De Petersbergtaken[1] (Engels: Petersberg tasks) zijn een aantal militaire en veiligheidsprioriteiten die zijn opgenomen in het Gemeenschappelijk veiligheids- en defensiebeleid (GVDB) van de Europese Unie.

Hotel Petersberg, waar in 1992 de Petersbergtaken werden bepaald.

De Petersbergtaken zijn de militaire taken van humanitaire, ontwapenende, vredeshandhavende en -makende aard die de West-Europese Unie (WEU) mocht en de Europese Unie (EU) mag uitvoeren. Ze werden op 19 juni 1992 gedefinieerd in de Verklaring van Petersberg, vernoemd naar Hotel Petersberg bij Bonn. Aldaar besloot de Raad van de WEU, bestaande uit de ministers van defensie en buitenlandse zaken van haar lidstaten dat zij hun troepen en middelen onder beheer van de WEU zouden plaatsen.[2] Door de gedeeltelijke fusie van de WEU met de EU werden deze taken onderdeel van het Gemeenschappelijk veiligheids- en defensiebeleid.
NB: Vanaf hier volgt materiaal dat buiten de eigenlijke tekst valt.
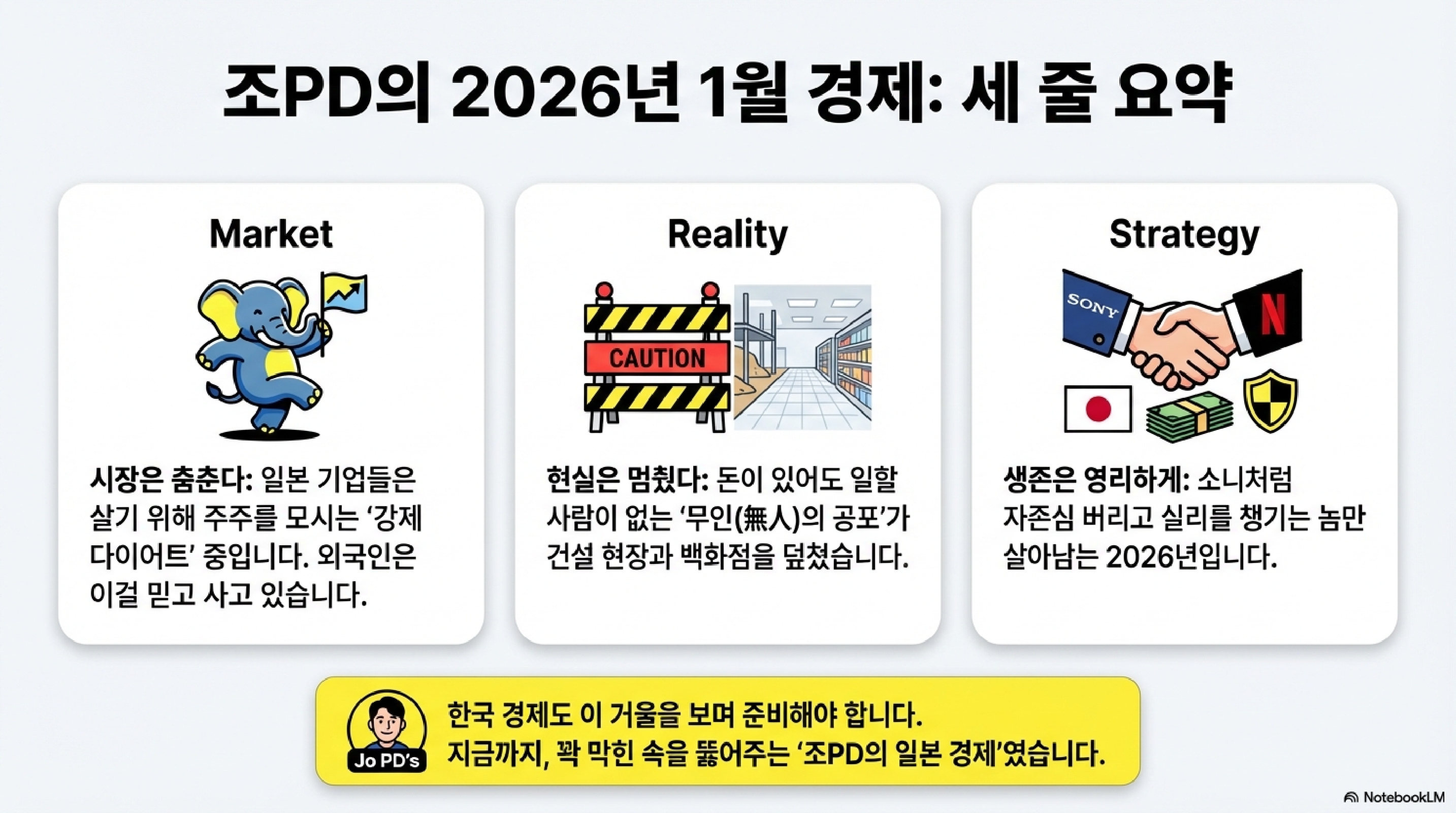 결국 오늘 이야기는 모두 '사람'과 '돈'의 흐름이 바뀌고 있다는 신호입니다. 사람이 없어서 못 짓고, 표를 얻으려고 돈을 풀겠다 하고, 사람들이 안 와서 문을 닫고 있죠. 이 거대한 변화의 끝에서 일본은 과연 어떤 모습을 하고 있을까요?
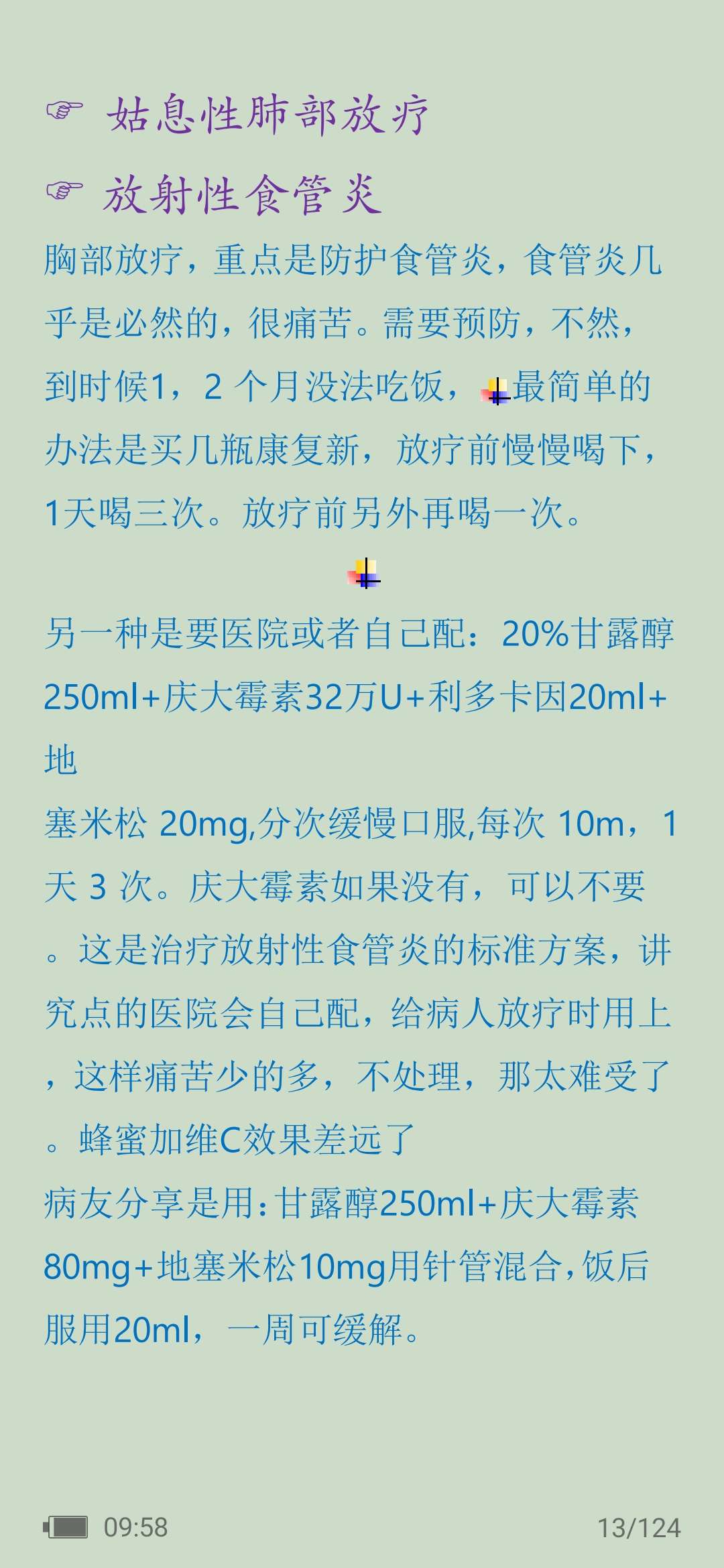 6次白紫+k ,每次评估都在好转。期间持续服用或注射激素治皮疹。第7支单k 后半个月,群里的陈医生和主治都说由于孩子pdl 1只2%,建议联合放疗为后续的单药免疫增敏,因此开始VMAT ,22次评估如下,对比七月底的ct ,我很知足。孩子也眉开眼笑。前期咨询了几个病友,每天服用康复新液,目前完美避开放射性食道炎。期待放射性肺炎也远离丫头,也希望好运伴随每个努力的人。

Met het Verdrag van Amsterdam in 1997 werden de Petersbergtaken opgenomen in het Verdrag betreffende de Europese Unie. Zowel de WEU als de EU mochten daardoor de Petersbergtaken handhaven, maar met de overheveling van de belangrijkste WEU-onderdelen naar de EU in 1999 werd dit verschil grotendeels kunstmatig. Met de oprichting van het Europees Defensieagentschap in 2004 was de WEU achterhaald en uiteindelijk werd zij ontbonden in 2011.

De Petersbergtaken bestrijken een breed scala aan mogelijke militaire missies, van simpel tot robuust. Ze worden als volgt geformuleerd:

  • Humanitaire en -reddingstaken
  • Vredeshandhavingstaken (peacekeeping)
  • Taken van strijdkrachten voor crisismanagement, waaronder het (met geweld) afdwingen van vrede (peacemaking)

Officieel verplicht de EU zichzelf om bovenstaande taken te doen, maar er kunnen extra taken bij komen. In de praktijk wordt territoriale verdediging gezien als een taak voor de NAVO. Omdat 22 van de 28 EU-lidstaten ook lid van de NAVO zijn, zijn er een heleboel bepalingen die concurrentie met de NAVO dienen te voorkomen.